(Task details) Retype the data exactly, skipping any picture in it.

(Information shown)
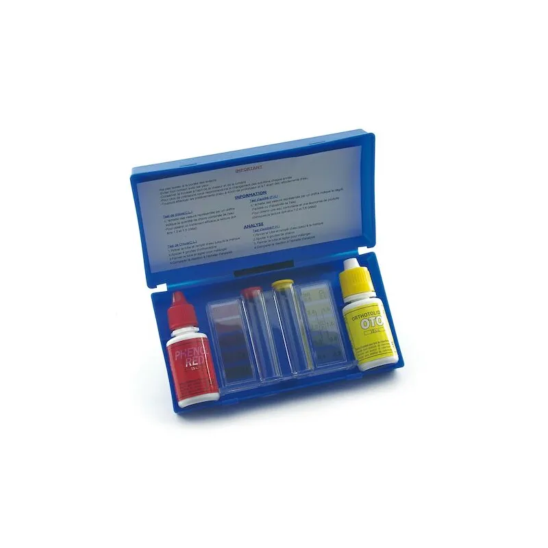Tester do mierzenia zawartości chloru oraz poziomu pH (alkaliczności wody). Tester posiada prostą i czytelną skalę oraz dwie buteleczki z odczynnikami po 15 ml każda.
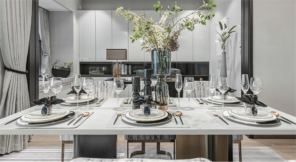 餐廳延續(xù)客廳的風格,將定制柜的美觀與實用性發(fā)揮得淋漓盡致。現(xiàn)代感十足的燈具將溫暖的光線投射到大理石餐桌和布藝餐椅上,營造出舒適的用餐氛圍。開闊的陽臺風格和清新的綠植更是為餐廳增添自然美景。
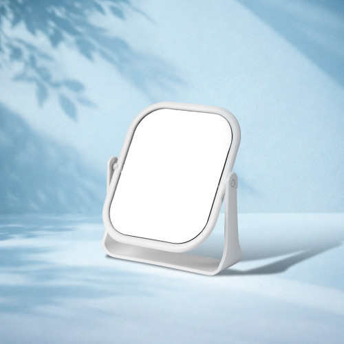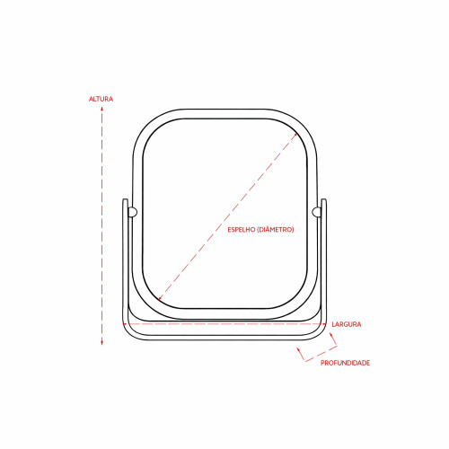 Descrição: Espelho de mesa dupla face, sem aumento, com moldura e base em plástico.

(Solution to the problem)
Tester do mierzenia zawartości chloru oraz poziomu pH (alkaliczności wody). Tester posiada prostą i czytelną skalę oraz dwie buteleczki z odczynnikami po 15 ml każda.
 餐廳延續(xù)客廳的風格,將定制柜的美觀與實用性發(fā)揮得淋漓盡致。現(xiàn)代感十足的燈具將溫暖的光線投射到大理石餐桌和布藝餐椅上,營造出舒適的用餐氛圍。開闊的陽臺風格和清新的綠植更是為餐廳增添自然美景。
 Descrição: Espelho de mesa dupla face, sem aumento, com moldura e base em plástico.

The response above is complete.